Europe (Central and Eastern)
Social Media
Agenda-Setting
Causality
Big Data
Lāsma Šķestere
Riga Stradinš University
Roberts Dargis
University of Latvia
Lāsma Šķestere
Riga Stradinš University

Abstract

The outbreak of the coronavirus disease (COVID-19) at the end of December 2019 has led to substantial discussions in traditional media as well as in social networks. The understanding of the diffusion of information about the COVID-19 can help government officials and researchers to obtain better understanding of public concerns as well as to prevent the rapid spread of misinformation. We address the question of the diffusion of information about the COVID-19 with a big data analysis of social media posts and news media articles. This paper is an analysis of public conversations in social media, specifically Twitter, and traditional news online media during the first outbreak of COVID-19 in Latvia. Using the computer assisted text analysis, we examined the dominant frames of public discussions and investigated the extent to which social media content may bypass, follow and attract attention of traditional media. For the search of information regarding COVID-19, we derived a set of twelve key identifying terms and phrases in Latvian. We compiled more than 46 thousand tweets and more 45 thousand news articles for the period from March 2020 when the state of emergency was declared to 10 June 2020 when the state of emergency was lifted. To identify common frames and to describe how the prevalence of these changes took place over time, the comprehensive codebook of 11 dominant frames, 31 major topics and 160 subtopics was designed. We utilized big data to better understand the dynamics of political communication and to explore attention in traditional media and social media for COVID-19 related issues.
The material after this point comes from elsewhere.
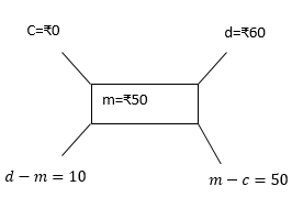 The correct answer is option (2) : 1 : 5 Cost of water (c) = ₹0 Cost of milk (d) = ₹ 60 /litre Cost of resulting mixture (m) = ₹ 50 /litre So, $\frac{\text{quantity of water}}{\text{quantity of milk}}=\frac{10}{50}=\frac{1}{5}$ Hence, the required ratio is $1: 5$ |
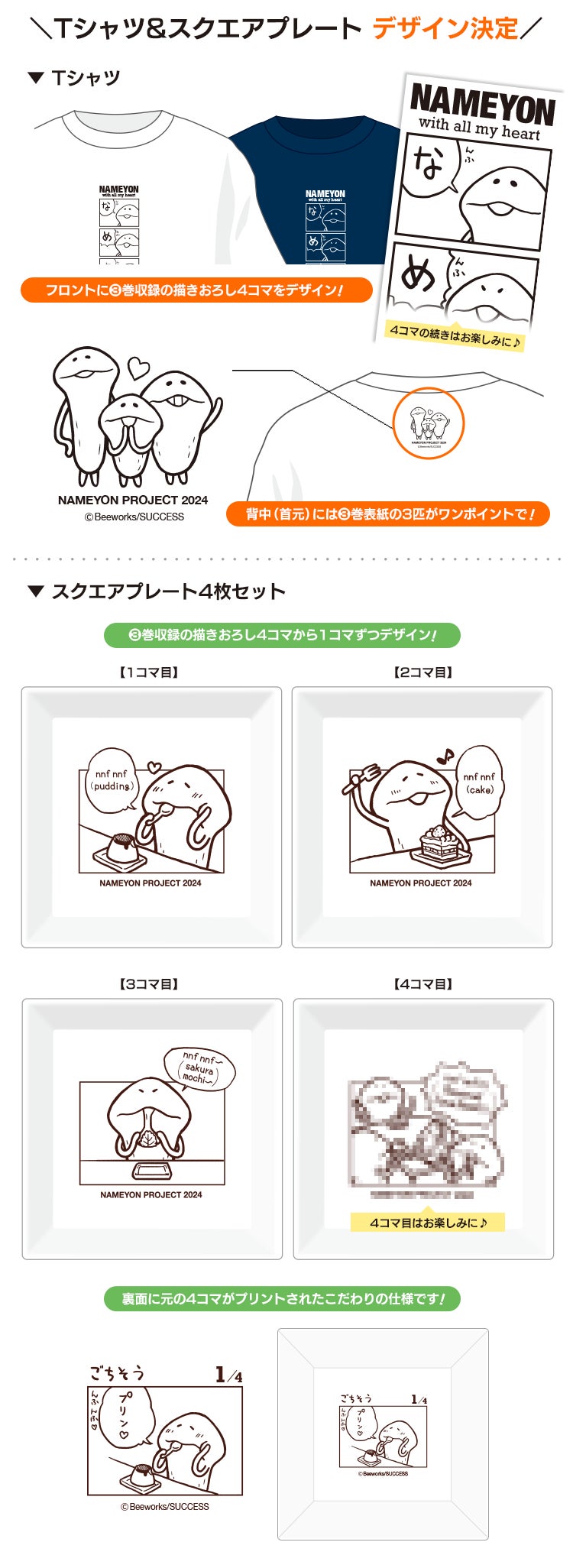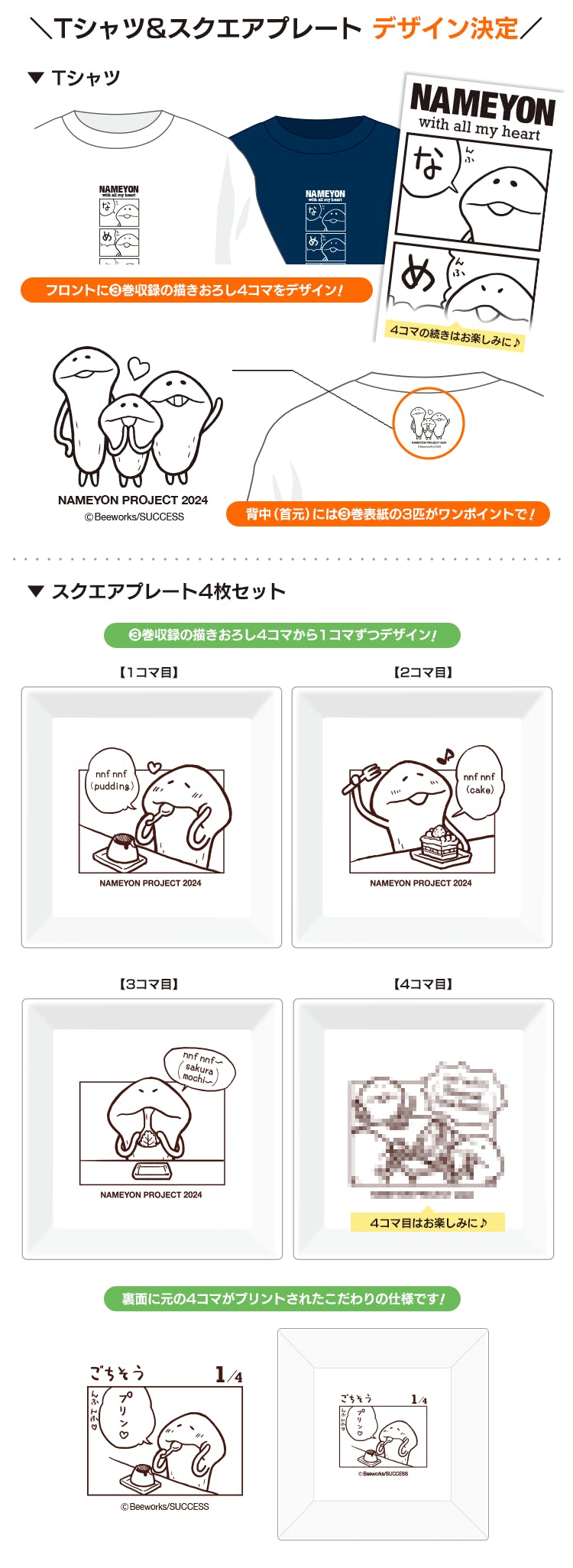 「なめよん③巻描き下ろし4コマ」をデザインする「Tシャツ」と「スクエアプレート4枚セット」について、実際のデザインを少しだけお見せしちゃいます!

We find evidence of time-series linkage run from social media to other social media, as well as from the social media to traditional media. Thus, we are able to conclude that the public discussions in traditional media and social media have causal linkage. This paper shows the potential of using social media to conduct “infodemic” studies for the planning of strategic communication. The methodology created in research can be used to track information diffusion and to analyse near real-time content, allowing public authorities to respond to public concerns more quickly.